Director: Celine Sciamma
Cast includes: Zoe Heran
Includes introduction from Asten Holmes-Elliott
82 mins / 2011 / France, subtitles
Celine Sciamma's 2nd feature made non-conforming gender identity its subject long before many others. Featuring an excellent and stunning performance by Zoé Héran, Tomboy is a film that needs to be seen by as many people as possible.
Moving into a new neighborhood, and a 10-year-old born Laure deliberately presents as a boy named Mickäel to the neighbourhood children. It is heavily implied that Mickäel is a closeted transgender boy. This film follows his experiences with his newfound friends, his potential love interest, Lisa, his younger sister and his parents.
It focuses in on the significance of gender identity in social interaction from an early age, the difficulties of being transgender and young, and how Mickäel navigates these in the background of childhood play and love. Exquisite performances from her child actors, this queer classic still feels strikingly fresh and uncontrived.
"One of the great films made by adults for adults about children" - Little White Lies
Queer Film Night is a monthly film night exploring LGBTQ+ themes and stories on film. Curated by Peccadillo Pictures, one of the UK's most recognised distributors of LGBT & World Cinema titles.
About Asten Holmes-Elliot
Asten Holmes-Elliot has chosen tonight's film and will introduce the screening.
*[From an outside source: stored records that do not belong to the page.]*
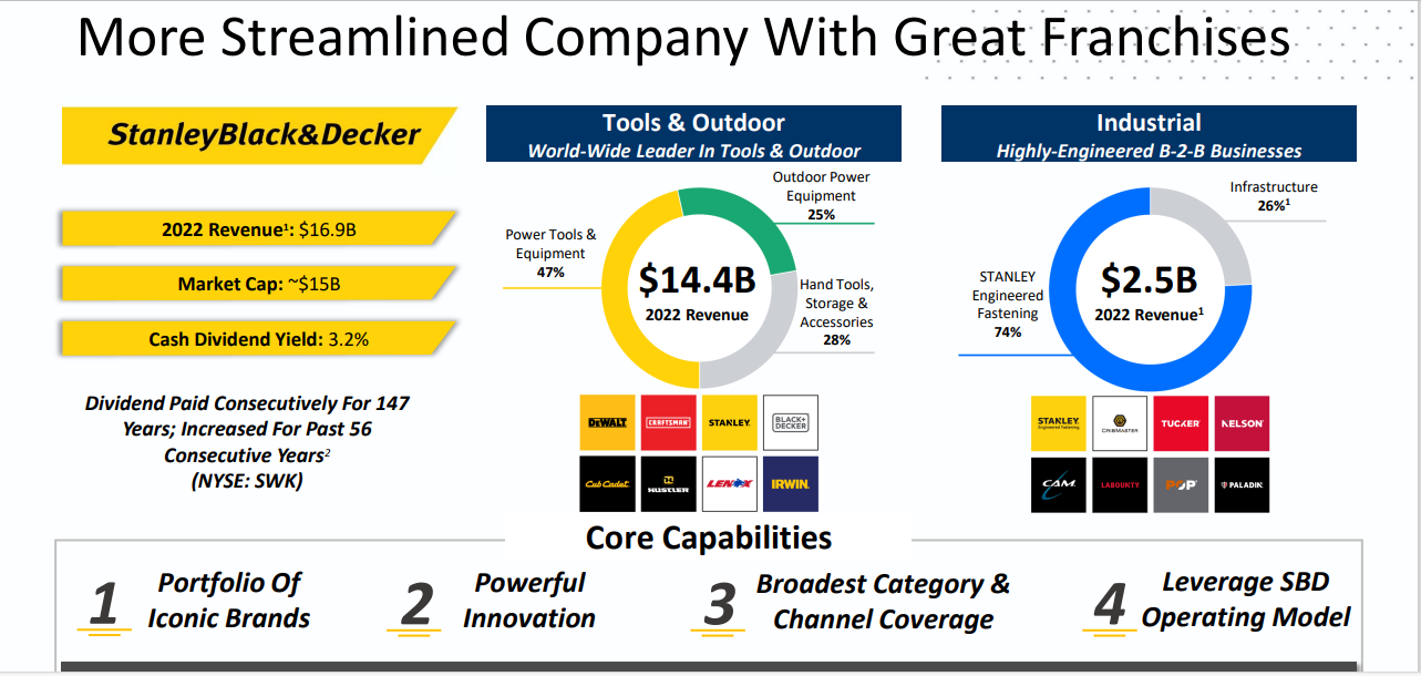 Stanley Black & Decker has become the worldwide leader in tools and related products because of its iconic brands, such as Stanley, DeWalt, and Black & Decker. These names are known and trusted by professional contractors and do-it-yourself customers.
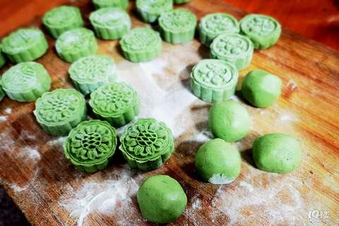 自制美食名称:清饼需要的材料:艾草,糯米粉,面粉,油,豆沙或汤圆馅,粽叶……难易指数: 2星:简单制作注意点:和面放点油,不容易沾,模具好看就有颜值,一般淘宝买的冰皮月饼模具都还不错!气上来之后,大火10分钟即可,揭盖后,用扇子扇下更光亮!
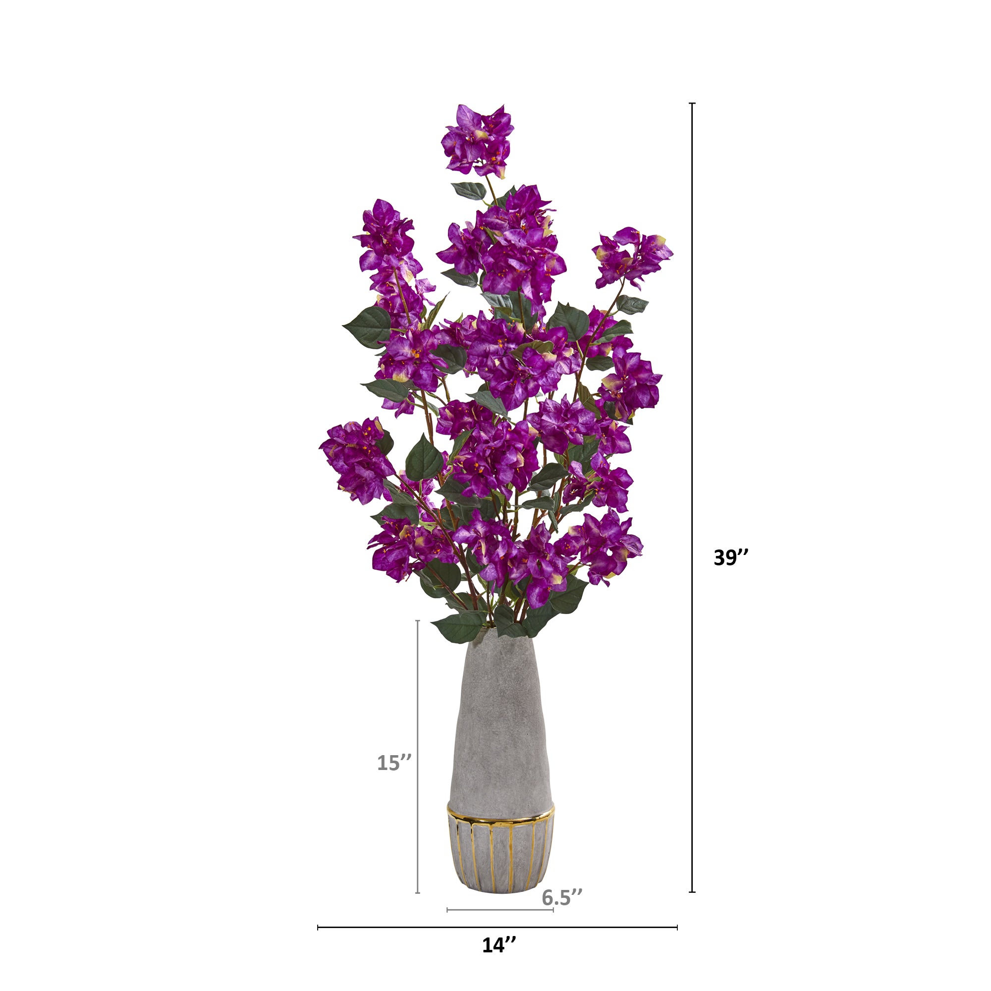 Transport yourself (and guests!) to the Mediterranean coast with this artificial arrangement boasting an overgrowth of flirty bougainvillea blooms in bright, vivid hues, handsomely complemented with dark, realistic leaves peeking out. Sitting 39" tall from a stoneware vase, this silk arrangement evokes hints of femininity wherever displayed.
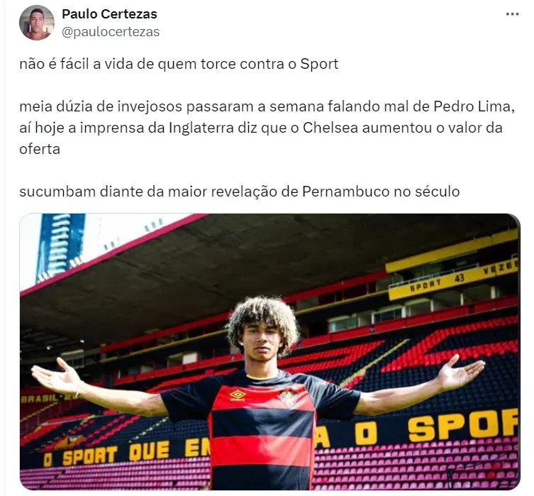 Apesar disso, outro assunto veio à tona nos bastidores: Pedro Lima. O atleta atrai interesse do Chelsea e existem chances dele deixar o time nordestino. Diante deste cenário, um gestor do Clube falou sobre o assunto.
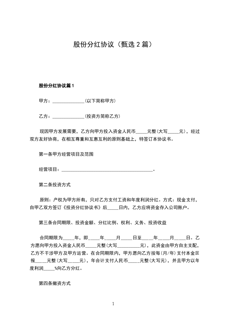 1、在公司经营活动中所得利润扣除各项开支,仍得以盈利的前提下,甲方从盈余中抽取___%的资金将对乙方予以分红。红利支付时间为每年的___月___日,以现金方式支付。
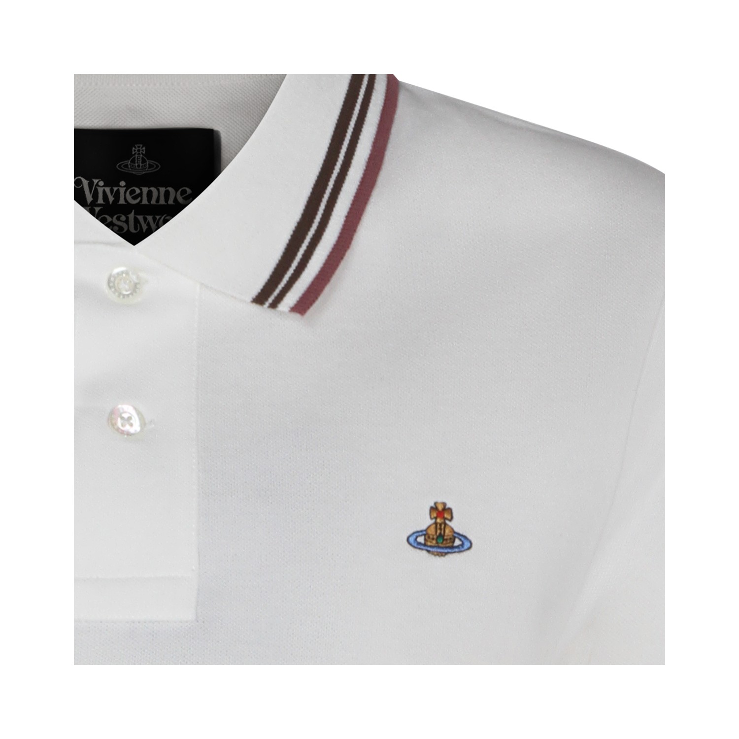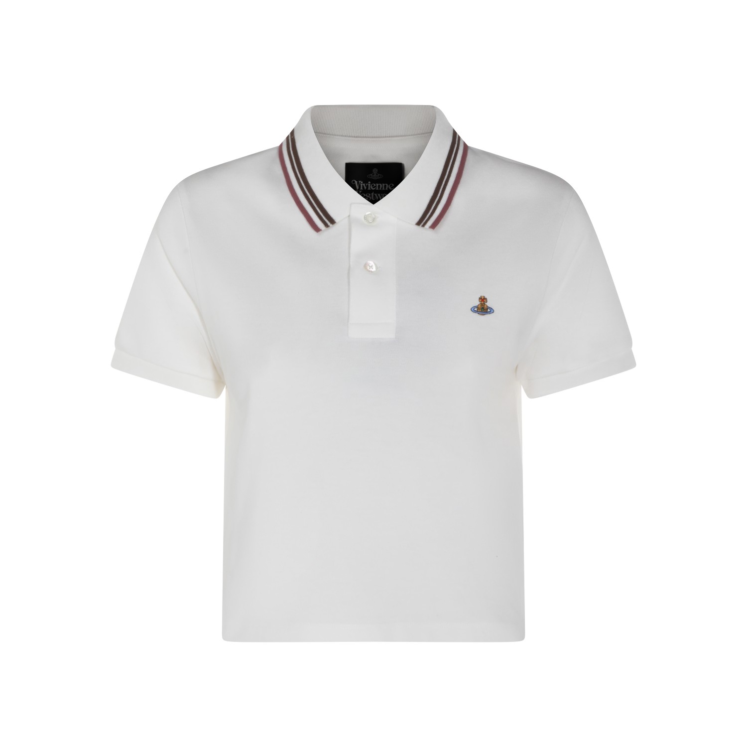 White cotton polo shirt from Vivienne Westwood featuring regular collar, buttons fastening, short sleeves, logo and short length.
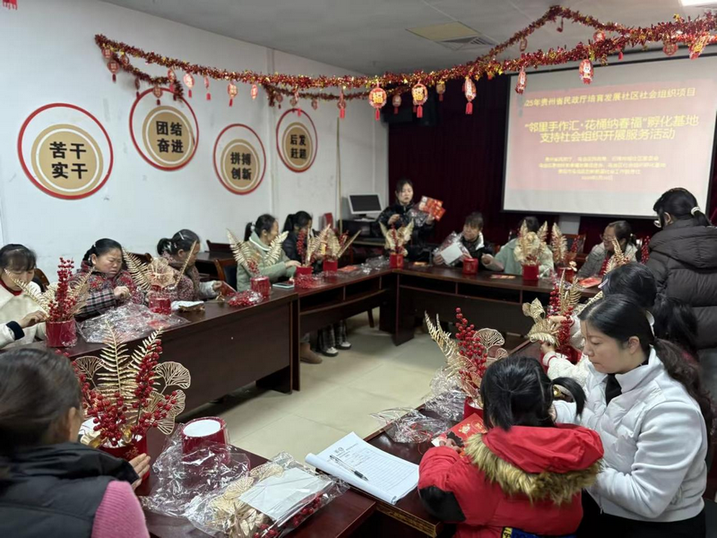 為豐富易地扶貧搬遷社區(qū)居民精神文化生活,營造喜慶祥和的新春節(jié)日氛圍,增強社區(qū)凝聚力與歸屬感,1月30日,貴州省貴陽市烏當區(qū)東風(fēng)鎮(zhèn)云錦尚城易地扶貧搬遷社區(qū)依托省民政廳培育發(fā)展社區(qū)社會組織項目支持,舉辦“鄰里手作匯、花桶納春?!毙麓耗晗ㄖ谱髦黝}活動,吸引了社區(qū)40余名孩子與家長及居民參加。

Asten Holmes-Elliot is an artist and filmmaker whose work examines ideas of identity, otherness and belonging. They use a variety of mediums including illustration, painting, photography and filmmaking to research, archive and historicise fringe communities and resist their erasure and exclusion. Asten is also a Board member of Scottish Queer International Film Festival, ScotsQueerFilm and Lock Up Your Daughers Magazine.